§ **Data records**
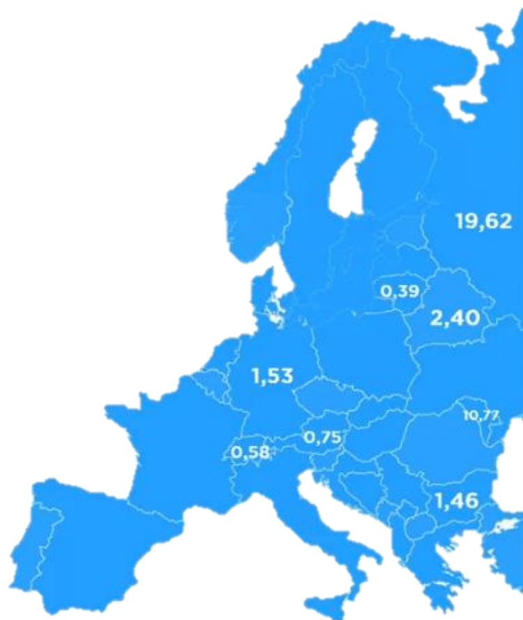
Рис. 2.1.2 Топ-10 країн, із яких їдуть до Одеси (%) [25]

Українці, які проводять відпочинок за кордоном, зазвичай обирають Єгипет, Польщу, Туреччину, Чорногорію і Грецію. При цьому не економлять на відпустці тільки 12 % співвітчизників. Більшість же намагається якимось чином мінімізувати витрати на відпочинок завдяки ранньому бронюванню та купівлі квитків, гарячими путівками. Також українці часто шукають безкоштовні пам'ятки (21 %), обирають малопопулярні недорогі напрямки (17 %) або намагаються не подорожувати в розпал сезону (15 %).
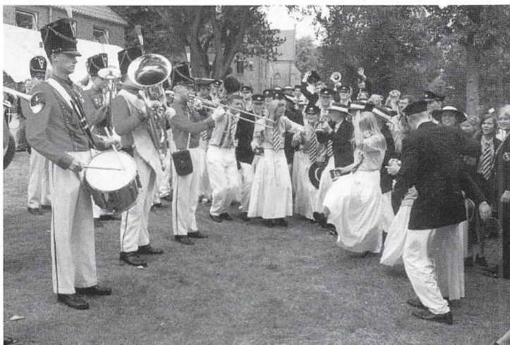
2.g's gave til 3.g: Tattoo-besøg af Roskildegarden – Regeringen tog sig straks en svingom!
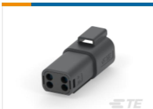
TE 产品编号1-2600030-0 4CCT BLACK RECEP W/LARGE SEAL
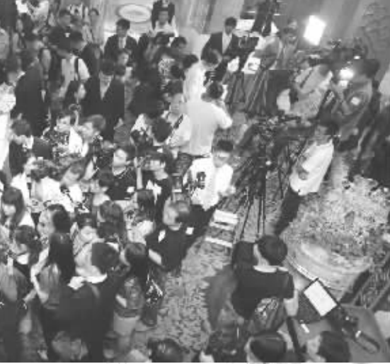
▲特别股东大会的媒体大战。
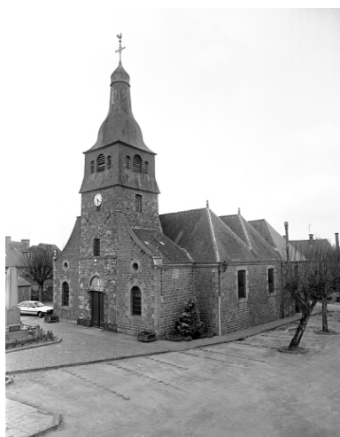
Elévation sud-ouest ; vue générale (état en 1994)
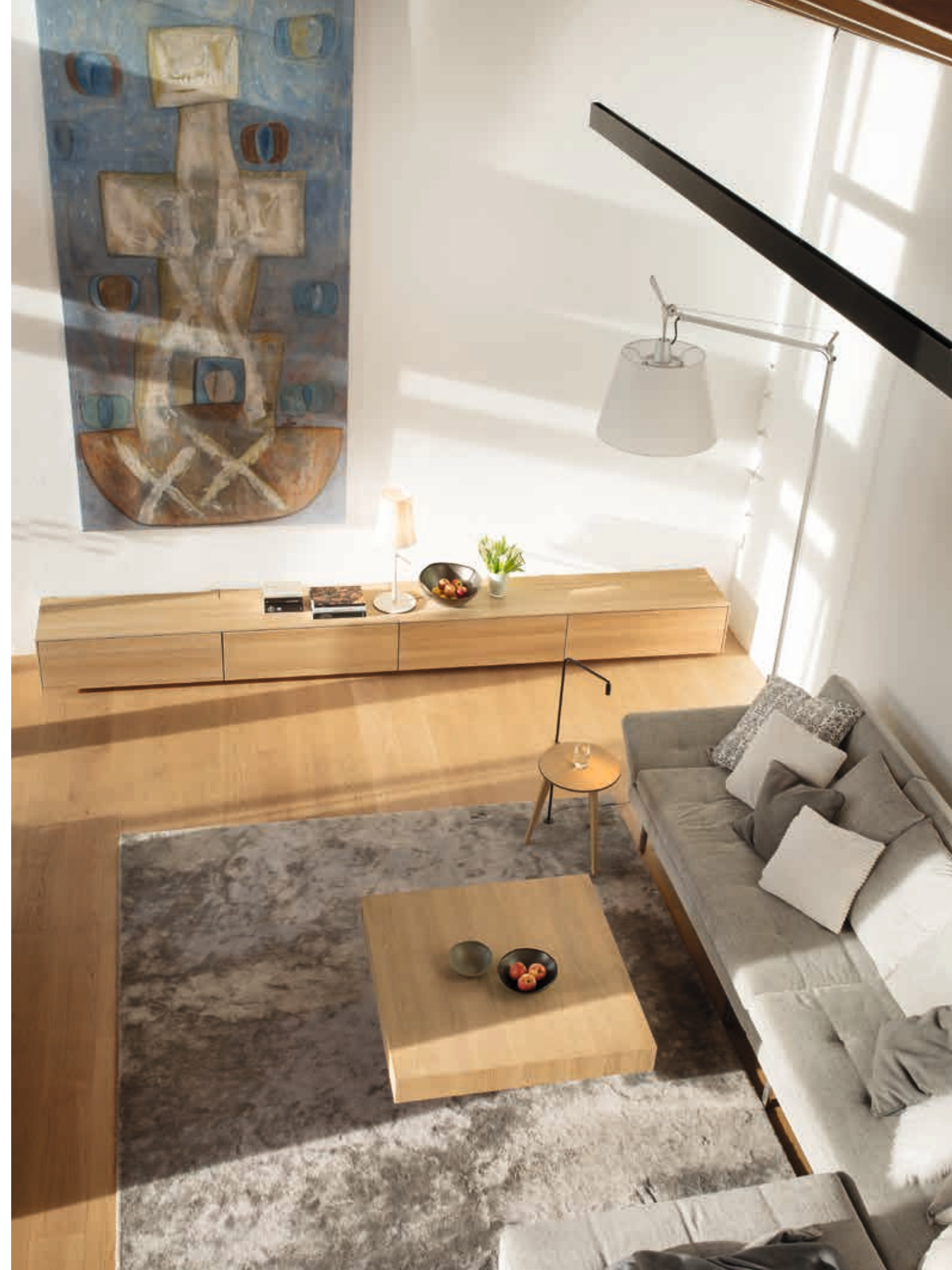
Abb. rechts: Perfekte Harmonie im Wohnzimmer mit unserem filigno Sideboard, dem elektrisch höhenverstellbaren lift Couchtisch und dem hi! Beistelltisch, alles in Eiche Weißöl.

fig. above: A built-in wardrobe with white glass doors, combined with a filigno sideboard and hood clothes rack.

§ **Work task**
Return all lines of the material that have "filigno" in them.

§ **Response**
Abb. rechts: Perfekte Harmonie im Wohnzimmer mit unserem filigno Sideboard, dem elektrisch höhenverstellbaren lift Couchtisch und dem hi! Beistelltisch, alles in Eiche Weißöl.
fig. above: A built-in wardrobe with white glass doors, combined with a filigno sideboard and hood clothes rack.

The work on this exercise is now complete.